The second part of the strategy -- and the one that most worries some environmentalists -- is to delay or block the listing of specific species, likely through the appropriations process.

“This is an area where the status quo is not working,” Rep. Rob Bishop, R-Utah, the new chairman of the House Natural Resources Committee, said of the listing process. He told Agri-Pulse he will bring back legislation that passed the House last year and also propose broader changes, which he didn’t specify. 

“What he did is a beginning point,” Bishop said of the legislation developed by his predecessor as chairman of the committee, Doc Hastings, R-Wash. “Those were the things that common sense would say you have to do. Yeah, we’re going those, but I also have to move some other things. Systemic changes have to come about.”

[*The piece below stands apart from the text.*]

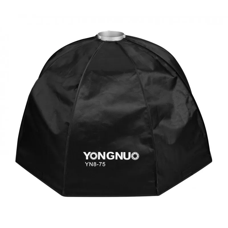 Yongnuo YN8-75 ir augstas kvalitātes 75 cm diametra astoņstūra formas softbox. Softbox ir aprīkots ar populāro Bowens stiprinājumu, kas ir savietojams ar lielāko daļu tirgū pieejamo studijas lampu. Komplektā ietilpst arī divi difūza auduma slāņi un praktiska pārnēsāšanas soma. Acij tīkams apgaismojums Vissvarīgākais softbox uzdevums ir mīkstināt zibspuldzes izstaroto gaismu, novēršot dziļas un skarbas ēnas. Modifikatora iekšējās sienas ir izgatavotas no sudraba pārklājuma, kas darbojas kā atstarotājs, savukārt divi difūzijas materiāla slāņi ir atbildīgi par vienmērīgu gaismas izkliedi. Klasisks stiprinājums un plaša saderība Bowens tipa montāžas gredzens ļauj uzstādīt softbox uz vairuma parasto studijas lampu. Softbox ir, izņemot lietussargu, pamata gaismas modifikators, ko izmanto studijas, portretu, kulinārijas un produktu fotogrāfijās. Specifikācijas modelis: Yongnuo YN8-75 stiprinājums: Bowensa tipa gredzena diametrs softbox: 75 cm softbox dziļums: 45 cm transportēšanas izmēri: 58 x 20 x 7 cm svars: 1,2 kg Saderības studija, zibspuldze, LED lampas un reportieru lampu turētāji ar Bowens stiprinājumu Komplekta saturs 1 x Yongnuo YN8-75 softbox 1 x Bowens montāžas gredzens 8 x metāla stieple 2 x difūzijas audums 1 x softbox un piederumu soma

Bishop has hired Rob Gordon from the Heritage Foundation as his adviser on endangered species issues and to run the committee’s oversight and investigations. (Gordon, a sharp critic of environmentalists, once wrote that they believe “progress is illusory and mankind is not something to be saved but fettered.”

Bishop’s counterpart in the Senate, Environment and Public Works Chairman James Inhofe, R-Okla., put the endangered species issues on his priority list for oversight this year, but he hasn’t committed to moving legislation.

A standalone bill attacking the Endangered Species Act likely couldn’t survive a Democratic filibuster in the Senate much less a certain presidential veto, so Republicans best bet for success will be the appropriations process.

That means there are likely to be more policy riders like the provision that was in the omnibus spending bill for fiscal 2015 that would bar the listing of the greater sage grouse. The lesser prairie-chicken, which was listed for protection last year, could be the next candidate for such a provision, along with the gray wolf.

Rebecca Riley, who follows ESA issues for the Natural Resources Defense Council, says Republicans are likely to have more success attacking specific species listings via the appropriations process than weakening the law itself.

During last week’s debate over the Keystone XL pipeline, Senate Appropriations Committee member Jerry Moran forced a vote on an amendment to delist the lesser prairie-chicken. The measure, which needed 60 votes to be approved, failed on a near party line vote, 54-44. Joe Manchin of West Virginia, was the lone Democrat to vote for the measure.

But Moran’s measure would have a much better chance of becoming law if it’s buried in an appropriations bill along with a number of other provisions sought by various lawmakers. The president could then face the decision of whether to veto an entire appropriations bill needed to fund the government or specific agencies.

Moran said his amendment was needed to allow local interests time to agree on a “common-sense solution” to protect the bird, whose population dwindled during a prolonged drought. “This is not just a Kansas issue,” he said. “In fact, this species is only the precursor to problems others will have.”

Sen. Pat Roberts, R-Kan., the chair of the Agriculture Committee, said he will work with Inhofe to at least hold hearings on the way the Obama administration is using the law.